Minister Wouter Beke.Beeld Klaas De Scheirder

Er wacht Beke een pittige discussie binnen de eigen meerderheid. Coalitiepartners N-VA en Open Vld zijn immers niet gewonnen voor een adoptiepauze. Vlaams Parlementslid Lorin Parys (N-VA) noemt het “een onbesuisd idee dat de meest kwetsbare kinderen in de steek laat”. Hij vreest dat zo’n pauze snel zal neerkomen op een adoptiestop. “Wie tussen de lijnen van dit rapport leest, merkt dat de experts eigenlijk willen dat de interlandelijke adoptie stopt. Wel, dat ze dat dan ook duidelijk zeggen.”

Parys is het niet eens met verschillende van de aannames in het rapport: hij vindt niet dat de adoptiediensten ondergebracht moeten worden onder de overheid, noch vindt hij het idee van de pool voor adoptie- en pleegouders een goed idee.

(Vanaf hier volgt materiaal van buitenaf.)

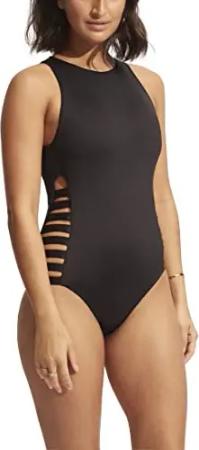 Women's Standard High Neck One Piece Swimsuit with Multi Strap Sides, Eco Collective Black, 8
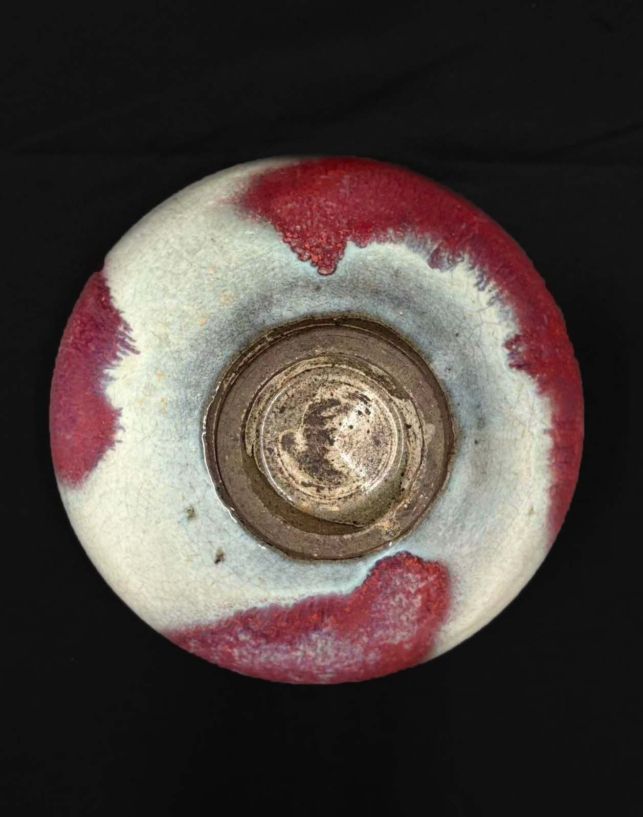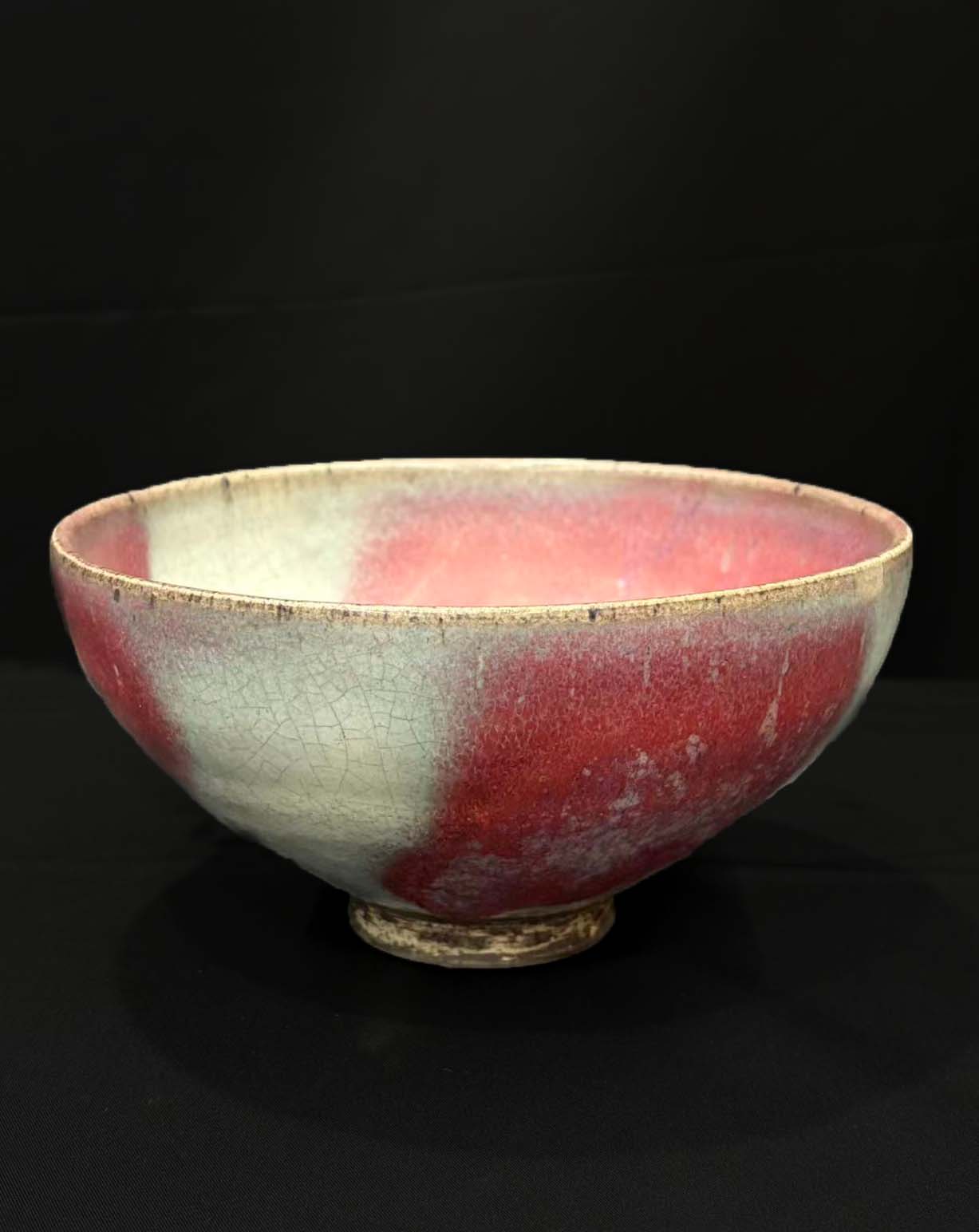 以浓郁的玫瑰红釉为主体,釉质温润莹润,碗心自然形成一条蜿蜒的月白色窑变带,如流云般贯穿碗面,色彩对比鲜明且过渡自然。

Ook Maurits Vande Reyde (Open Vld) wil “het kind niet met het badwater weggooien. Ik ben er zelf al langer voorstander van om het systeem van nul te herzien, maar ik pleit toch voor meer nuance”, zegt hij. “Dit verdient een breed parlementair debat. Ik hoop dat we daar de tijd voor nemen.”

Stomp in de maag

Er mag dan nog niets beslist zijn, het voorstel van Beke kwam als een schok voor alle kandidaat-adoptieouders die momenteel in de procedure zitten. “Als kandidaat-adoptieouder word je sowieso een meester in lang wachten op nieuws, maar nu wordt de rekker toch erg ver uitgerekt”, zegt Sarah Steckel, die vijf jaar geleden een eerste zoontje uit Oeganda adopteerde en nu een tweede kindje wil adopteren. “Het is een beetje zoals kinderen krijgen via een ivf-behandeling: klaarliggen voor de inseminatie en dan te horen krijgen dat je ‘respectvol’ een ander traject krijgt. Dat is niet respectvol.”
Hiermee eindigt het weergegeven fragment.